## Problem description
Down to the final line, print the records below exactly and without pictures.

## Material for this exercise
-*-

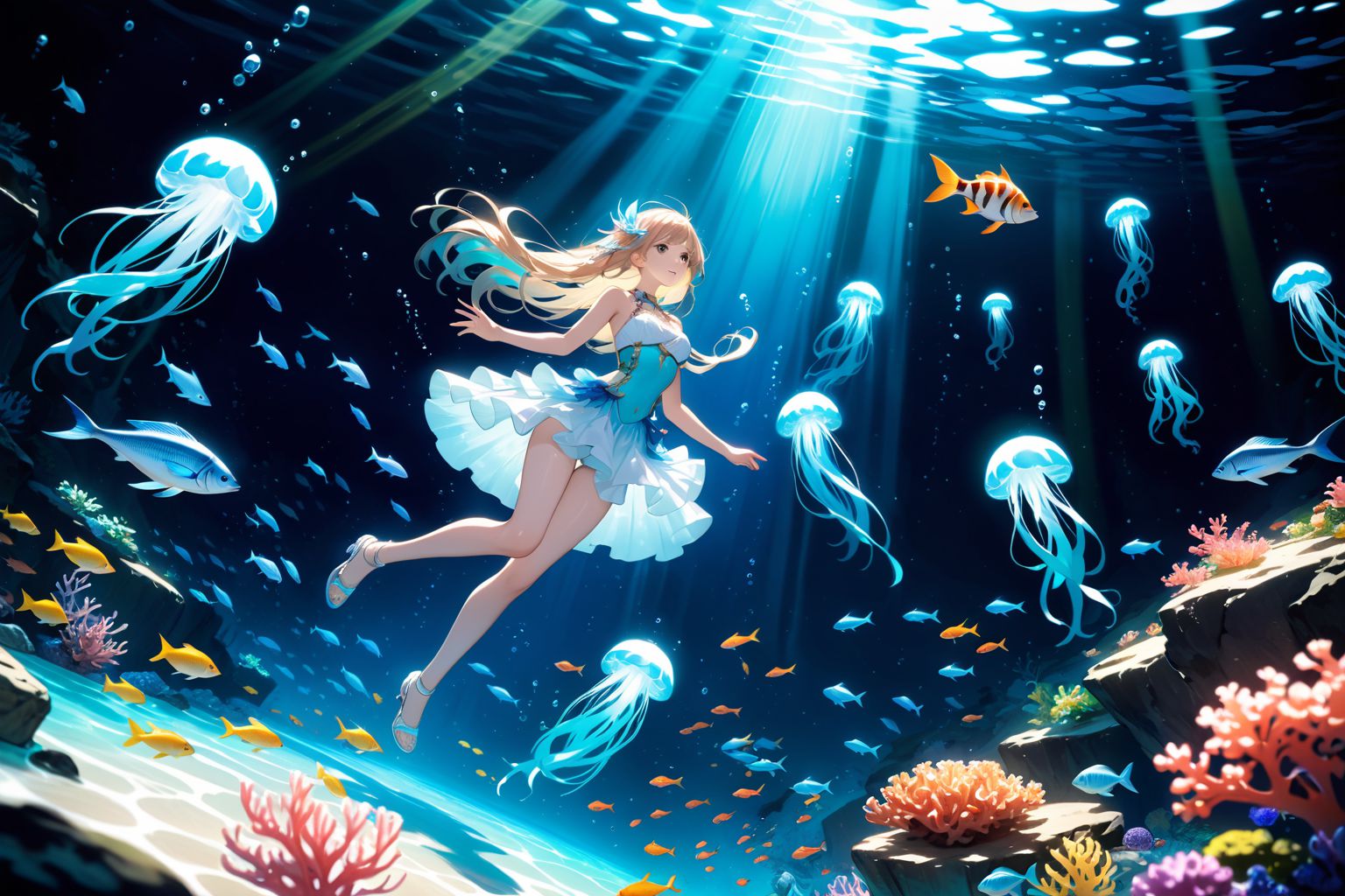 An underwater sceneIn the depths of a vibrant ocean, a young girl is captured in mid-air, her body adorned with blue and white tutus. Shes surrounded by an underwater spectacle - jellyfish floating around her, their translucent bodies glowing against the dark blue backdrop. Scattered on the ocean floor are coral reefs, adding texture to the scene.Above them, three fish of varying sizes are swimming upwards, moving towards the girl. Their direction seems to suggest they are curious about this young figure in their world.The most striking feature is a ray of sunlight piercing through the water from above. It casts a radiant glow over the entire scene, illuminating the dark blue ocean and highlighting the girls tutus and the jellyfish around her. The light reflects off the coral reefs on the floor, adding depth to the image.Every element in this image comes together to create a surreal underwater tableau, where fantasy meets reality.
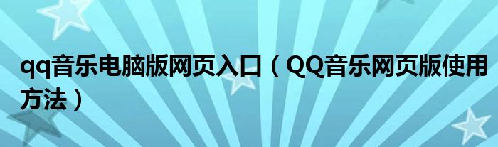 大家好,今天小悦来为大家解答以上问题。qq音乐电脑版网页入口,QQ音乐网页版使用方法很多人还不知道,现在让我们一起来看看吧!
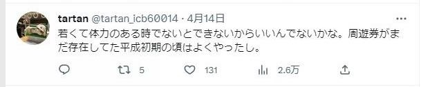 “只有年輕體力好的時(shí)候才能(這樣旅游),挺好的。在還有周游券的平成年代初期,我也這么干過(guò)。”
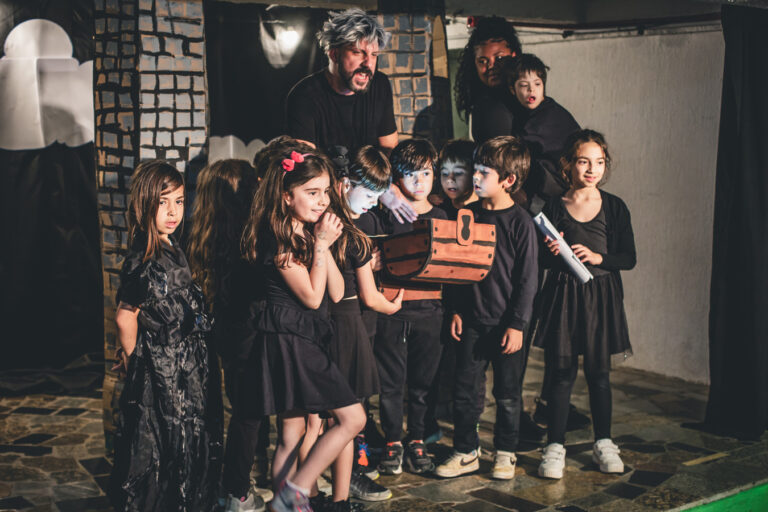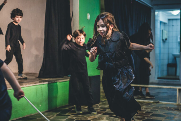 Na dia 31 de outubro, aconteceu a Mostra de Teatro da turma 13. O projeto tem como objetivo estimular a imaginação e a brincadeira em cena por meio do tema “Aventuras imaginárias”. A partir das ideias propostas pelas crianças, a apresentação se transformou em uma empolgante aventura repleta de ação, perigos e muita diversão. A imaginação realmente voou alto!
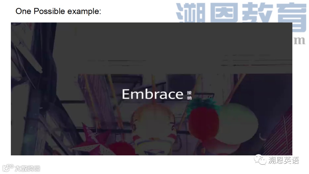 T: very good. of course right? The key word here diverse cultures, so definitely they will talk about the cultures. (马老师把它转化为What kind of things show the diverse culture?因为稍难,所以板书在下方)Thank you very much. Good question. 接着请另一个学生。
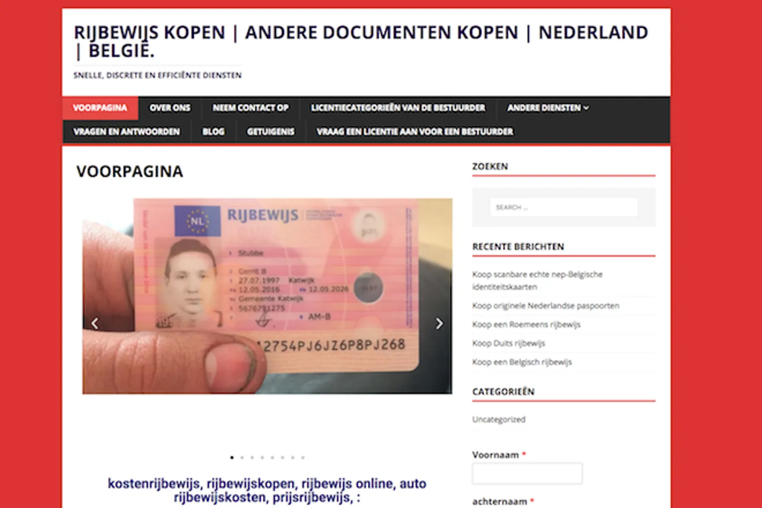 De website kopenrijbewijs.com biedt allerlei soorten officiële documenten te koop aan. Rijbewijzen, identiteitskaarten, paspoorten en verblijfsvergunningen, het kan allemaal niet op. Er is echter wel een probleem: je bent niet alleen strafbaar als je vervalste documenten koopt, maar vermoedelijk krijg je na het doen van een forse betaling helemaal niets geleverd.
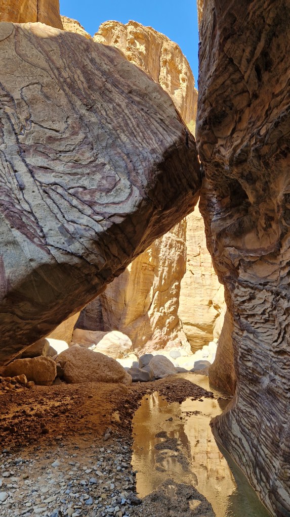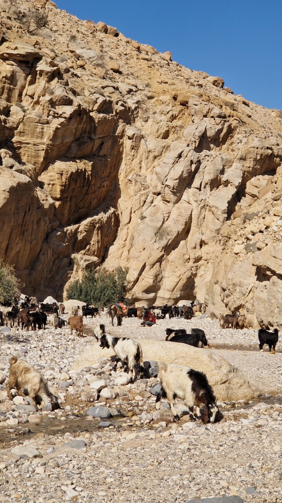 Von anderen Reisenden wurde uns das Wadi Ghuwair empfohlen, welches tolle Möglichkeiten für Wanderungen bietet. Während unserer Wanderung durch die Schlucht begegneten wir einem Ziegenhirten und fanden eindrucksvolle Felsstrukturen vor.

-*-

## Expected answer
 An underwater sceneIn the depths of a vibrant ocean, a young girl is captured in mid-air, her body adorned with blue and white tutus. Shes surrounded by an underwater spectacle - jellyfish floating around her, their translucent bodies glowing against the dark blue backdrop. Scattered on the ocean floor are coral reefs, adding texture to the scene.Above them, three fish of varying sizes are swimming upwards, moving towards the girl. Their direction seems to suggest they are curious about this young figure in their world.The most striking feature is a ray of sunlight piercing through the water from above. It casts a radiant glow over the entire scene, illuminating the dark blue ocean and highlighting the girls tutus and the jellyfish around her. The light reflects off the coral reefs on the floor, adding depth to the image.Every element in this image comes together to create a surreal underwater tableau, where fantasy meets reality.
 大家好,今天小悦来为大家解答以上问题。qq音乐电脑版网页入口,QQ音乐网页版使用方法很多人还不知道,现在让我们一起来看看吧!
 “只有年輕體力好的時(shí)候才能(這樣旅游),挺好的。在還有周游券的平成年代初期,我也這么干過(guò)。”
 Na dia 31 de outubro, aconteceu a Mostra de Teatro da turma 13. O projeto tem como objetivo estimular a imaginação e a brincadeira em cena por meio do tema “Aventuras imaginárias”. A partir das ideias propostas pelas crianças, a apresentação se transformou em uma empolgante aventura repleta de ação, perigos e muita diversão. A imaginação realmente voou alto!
 T: very good. of course right? The key word here diverse cultures, so definitely they will talk about the cultures. (马老师把它转化为What kind of things show the diverse culture?因为稍难,所以板书在下方)Thank you very much. Good question. 接着请另一个学生。
 De website kopenrijbewijs.com biedt allerlei soorten officiële documenten te koop aan. Rijbewijzen, identiteitskaarten, paspoorten en verblijfsvergunningen, het kan allemaal niet op. Er is echter wel een probleem: je bent niet alleen strafbaar als je vervalste documenten koopt, maar vermoedelijk krijg je na het doen van een forse betaling helemaal niets geleverd.
 Von anderen Reisenden wurde uns das Wadi Ghuwair empfohlen, welches tolle Möglichkeiten für Wanderungen bietet. Während unserer Wanderung durch die Schlucht begegneten wir einem Ziegenhirten und fanden eindrucksvolle Felsstrukturen vor.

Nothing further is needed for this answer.